In the following experiments the influence of different starch sources and carbohydrates instead of rice powder were tested. Starch sources were potato starch, amylose, amylopectin and glycogen. Only potato starch supported histomonal growth.
The carbohydrates glucose, pyruvate, glucose-1-phosphat, glucose-6-phosphat and maltose were tested in different concentrations with or without the addition of rice. Cultures without rice survived at best. Often they died. Growth with the addition of rice was better. To some extent growth was achieved with pyruvate and rice.

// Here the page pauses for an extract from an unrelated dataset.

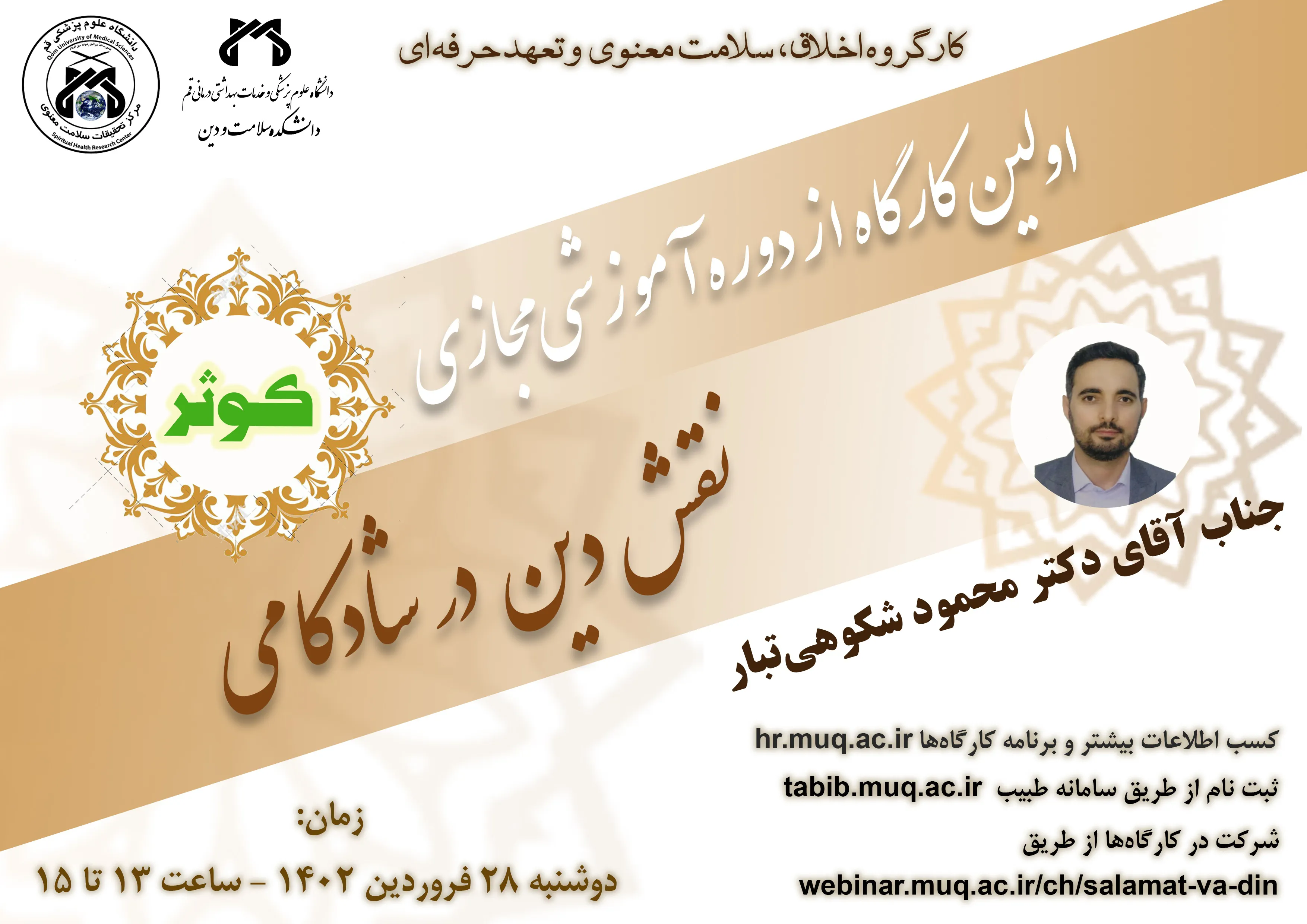 اطلاعیه برگزاری کارگاههای دوره آموزشی مجازی کوثر (کارگاه نقش دین در شادکامی)

Histomonads were grown under different atmospheric conditions. If the flasks were opened several times the medium with the histomonads had contact with the oxygen in the air for a certain time. This as well as microaerophilic and anaerobic conditions had no negative influence on the histomonal growth.
The expression of the genes for glycogen phosphorylase, GAPDH and alpha-amylase in histomonads which were grown with pyruvate and rice were analyzed by qPCR. Alphatubulin, beta-tubulin and 18S rRNA served as reference genes. It could be shown that histomonads digest the starch with both enzymes alpha-amylase and glycogen phosphorylase. The expression of the genes of the three enzymes mentioned above was regulated differently. The genes of GAPDH and glycogen phosphorylase were significantly upregulated whereas the gene of alpha-amylase was significantly downregulated.